III. Appointment of Auditors

Unless otherwise instructed, the proxies given pursuant to this solicitation will be voted for the appointment of Saturna Group Chartered Accountants LLP, of Vancouver, British Columbia, as auditors of the Corporation to hold office until the close of the next annual meeting of the Corporation. It is proposed that the remuneration to be paid to the auditor of the Corporation be fixed by the Board of Directors.

Saturna Group Chartered Accountants LLP was first appointed auditors of the Corporation on September 9, 2011.

IV. Annual Approval of Stock Option Plan

The Corporation has established, subject to shareholder and TSX Venture Exchange (the "Exchange") approval, the Stock Option Plan (the "Plan") to be administered by the directors of the Corporation to attract and motivate the directors, officers, employees and consultants of the Corporation (collectively "Optionees"). Options granted will be granted in order to provide Optionees with a form of remuneration and an incentive to act in the best interest of the Corporation. If and when shareholder approval is obtained, the implementation of the Plan will be at the sole discretion of the directors of the Corporation.

Management of the Corporation considers it desirable and in the best interests of the Corporation to establish the Plan for the granting of future stock options to directors, officers, employees and other service providers.

The Plan

The following information is intended as a brief description of the Plan and is qualified in its entirety by the full text of the Plan which is available for review by any shareholder up until the day preceding the Meeting at the Corporation's registered and records office and will be available for shareholders at the Meeting:

The Plan provides that stock options may be granted to directors, senior officers, employees, consultants or consultant companies of the Corporation or any of its affiliates.

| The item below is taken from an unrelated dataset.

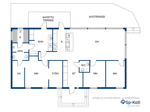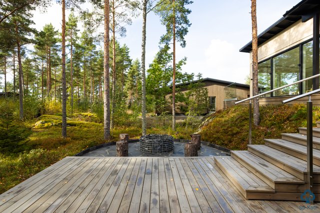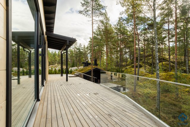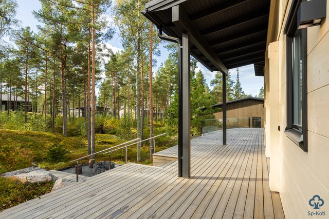 - Takapihalla iso, osittain katettu terassi, jossa tyylikäs SteelPro tolpaton lasikaidejärjestelmä. Takaterassilla on varaus porealtaalle. Lisäksi etupihalla kuisti.
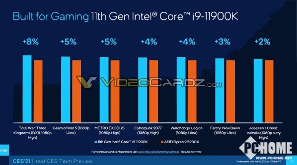 在发布会中,英特尔针对 AMD Ryzen 9 5900X 12 核 CPU 演示了其新的 Rocket Lake-S Core i9-11900K。根据外媒 Geeknetic 发布的截图,在游戏基准测试中,同样使用 1080p 画质,在其他配置几乎相同的情况下,英特尔 Core i9-11900K 比 Ryzen 9 5900X 略胜一筹。

The Plan provides for the issuance of stock options to acquire up to 10% of the Corporation's issued and outstanding capital as at the date of grant (the "Plan Ceiling"), subject to standard anti-dilution adjustment. This is a "rolling" plan as the number of shares reserved for issuance pursuant to the grant of stock options will increase as the Corporation's issued and outstanding share capital increases. All outstanding stock options granted prior to the implementation of the Plan will be included in the Plan, but at no time will more than 10% of the outstanding shares be subject to grant under the Plan. If a stock option expires or otherwise terminates for any reason without having been exercised in full, the number of common shares in respect of that expired or terminated stock option that has not been exercised shall again be available for the purpose of the Plan.

The Plan may be terminated by the Board at any time, but such termination will not alter the terms or conditions of any options granted prior to the date of such termination. Any stock option outstanding when the Plan is terminated will remain in effect until it is exercised, expires or voluntarily cancelled or otherwise terminated in accordance with the provisions of the Plan.

The Plan provides that other terms and conditions, including vesting schedules, may be attached to a particular stock option, such terms and conditions to be referred to in a schedule attached to the particular option agreement.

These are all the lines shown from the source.